Not a book, but found a series of videos on database design that I found pretty helpful. Link: Database Design
- What is a Database?
- stores data
- more complex than spreadsheets
- easily get what you want and secure
- What is a Relational Database?
- relation is connection between data
- entity: anything we store data about (e.g. person)
- attribute: things we store (e.g. name, hair color, etc)
- attributes store information about the entity
- row is all the attributes for a specific entity
- column is all values for a specific attribute type
- entity type: category of entity (e.g. user)
- attribute type: category of attributes
- row is also a ‘tuple’
- Relational Database Management Systems (‘RDBMS’)
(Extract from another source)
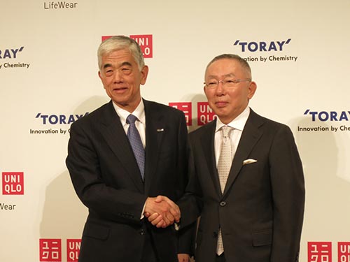 UNIQLO与日本东丽(TORAY)合作 UNIQLO联手东丽的独家纤维技术,推出冬季热门商品,HEATTECH吸湿发热衣系列。 UNIQLO董事长柳井正(右)、东丽社长日觉昭广(左)

- query: searching data and doing things with it
- without management system, would have to go through and do things manually
- 1) can run fancy queries
- 2) view mechanism: change what is shown. more secure
- 3) transactions. complete all the way or doesn’t happen at all
- 4) creates consistency for front-end
- e.g. MySQL, Microsoft SQL Server, Oracle DB, PostgreSQL
- DB and DBMS used as one
- Structured Query Language (‘SQL’)
- language to communicate with databases
- 1) DDL: defines DB structure
- 2) DML: manipulates data within
- field names is data definition e.g. CREATE
- inserting is data manipulation e.g. UPDATE
- DB breaks things into pieces
- can join to create new views
- Naming Conventions
- pattern to keep things consistent
- write SQL in all CAPS
- all lowercase for things I write myself
- underscores for spaces
- for foreign keys, make sure named same thing
- might be different for other systems
- What is Database Design?
- data integrity: correct, up-to-date, no disconnects, no repeat
- 1) Conceptual Schema: how things are related, brainstorming, general
- 2) Logical Schema: plan tables, columns, etc
- 3) Physical Schema: what DBMS, what server, how do people access, security, etc?
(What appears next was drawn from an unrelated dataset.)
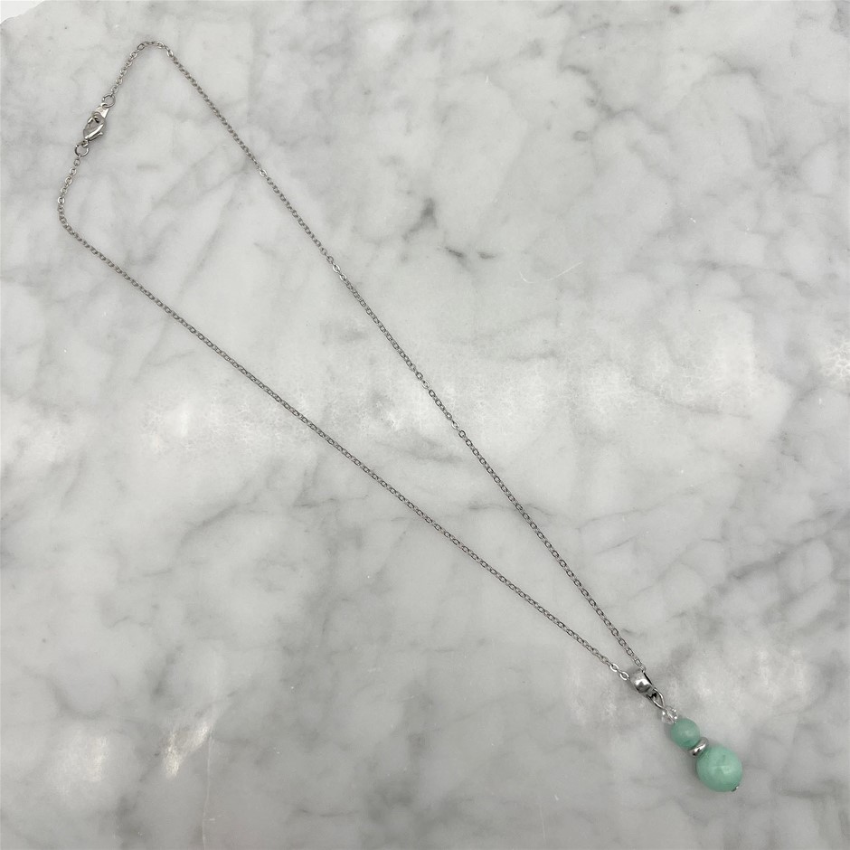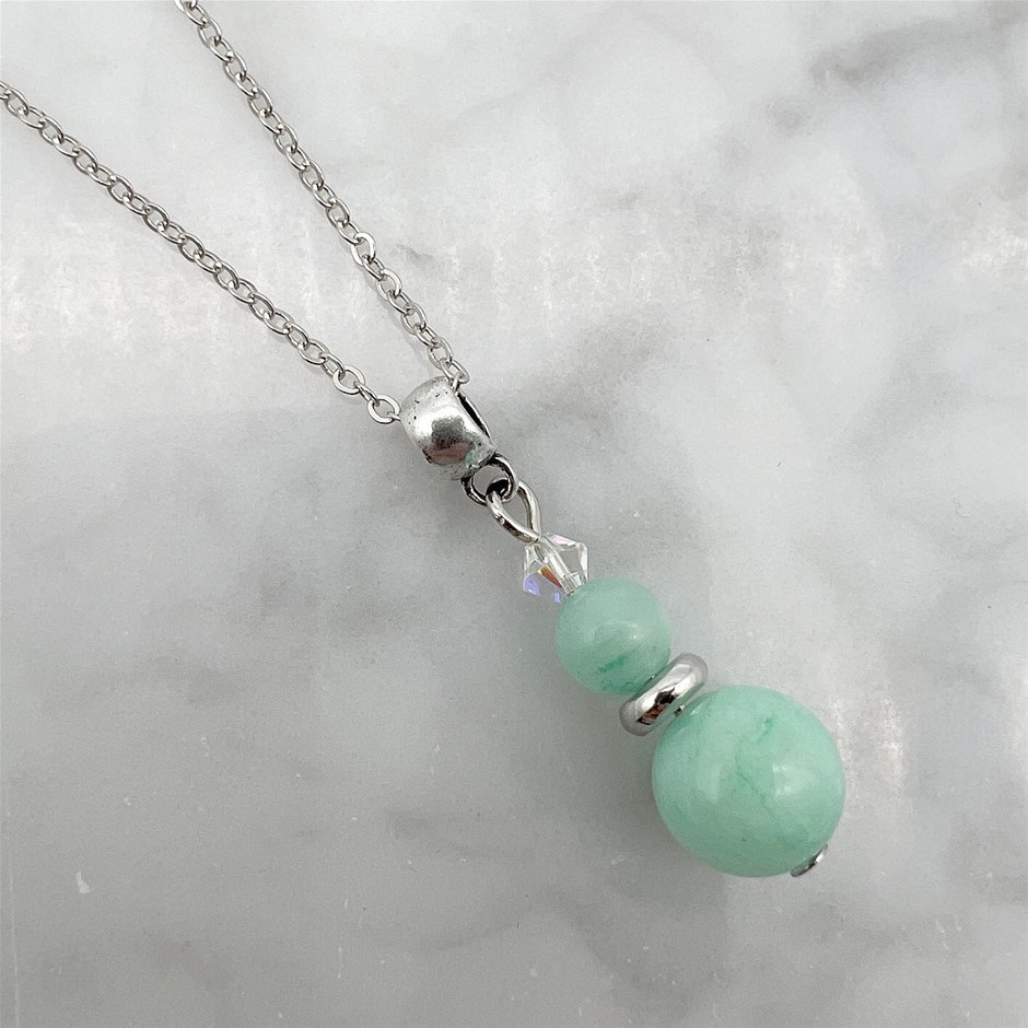 Genuine Aqua Colour Malaysia Jade `Quartz` & Swarovski® Austrian Crystal Platinum Plated Pendant Necklace

- continuum of general idea to specific implementations
- DB design method to separate info and prevent duplication
- Data Integrity
- no repeating, no incorrect, no broken relationships
- relational from “relations” mathematical connection of sets
- 1) entity: unique entities. use id_keys.
- 2) referential: reference id of another table for dependent relationships. can use foreign key constraints (e.g. if parent is removed, remove child)
- 3) domain: acceptable values for a column. what and range? data types e.g. Char(20)
- Database Terms
- data: info we store
- database: where we store
- relational database: stores in tables
- DBMS: how to manage and control db with code
- RDBMS: specific for relational dbs
- Null: value is not entered
- anomalies: errors
- integrity (entity, referential, domain): protect against anomalies
- entity: anything we store data about
- attributes: things we store about entities
- relations: tables
- tuple: row, all attributes about an entity
- table: physical representation of a relation
- table rows: specific individual entry
- table columns: specific attribute
- file: table
- record: row
- field: column
- value: information that we put into a specific column
- entry: entered data or row
- DB design: design to remove anomalies and have integrity
- schema: drawn out structure of DB
- normalization: multiple steps to get best database design
- naming conventions: consistency used
- keys: make everything unique within a table
- More Database Terms
- SQL: connect to db
- Data Definition Language (‘DDL’): define db
- Data Manipulation Language (‘DML’): update, delete, search, etc
- SQL Keywords: reserved words (e.g. SELECT). Don’t use in naming
- Frontend: what user sees. Allow access to data in different ways.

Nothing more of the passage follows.